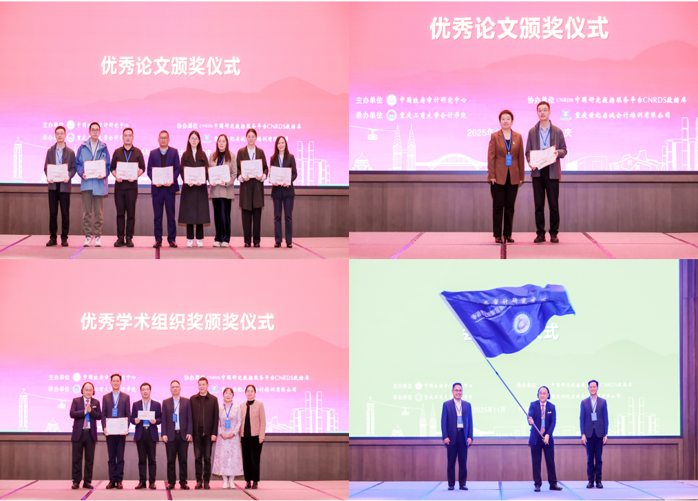 西南财经大学蔡利教授主持了闭幕式,中国政府审计研究中心国际学术研究与交流部主任廖林教授宣读了《优秀论文奖获奖论文名单》,随后举行了优秀论文奖、优秀学术组织奖颁奖仪式和会旗交接仪式。最后,北京化工大学经济管理学院院长李宾教授代表下一届审计理论创新发展论坛承办单位致辞。
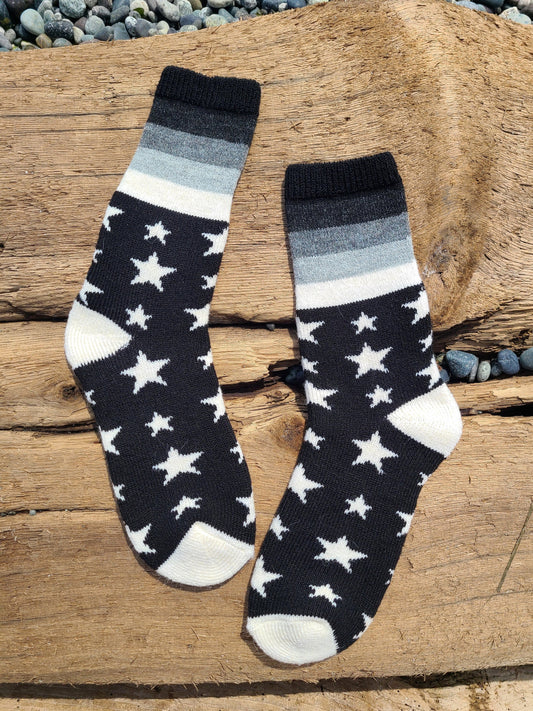 Thick Ankle Socks | Black + White Stars
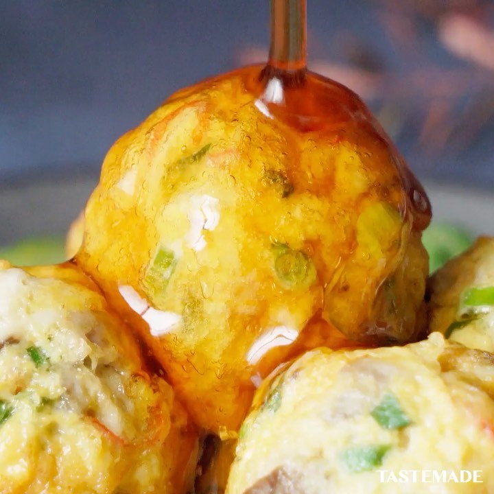 【たこ焼き器で変わり種👅】まん丸カニ玉あんかけ⁠⠀
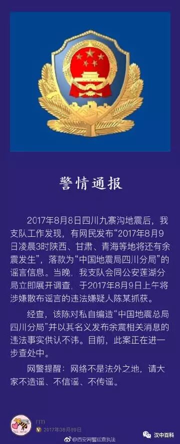 @西安网警巡查执法: 西安警方查处地震谣言信息

+---+

_Work request_
The lines from the one containing "Thick Ankle Socks | Black + White Stars" through the last line above are to be repeated exactly, and only those. Any pictures must be left out.

_Solution for this exercise_
 Thick Ankle Socks | Black + White Stars
 【たこ焼き器で変わり種👅】まん丸カニ玉あんかけ⁠⠀
 @西安网警巡查执法: 西安警方查处地震谣言信息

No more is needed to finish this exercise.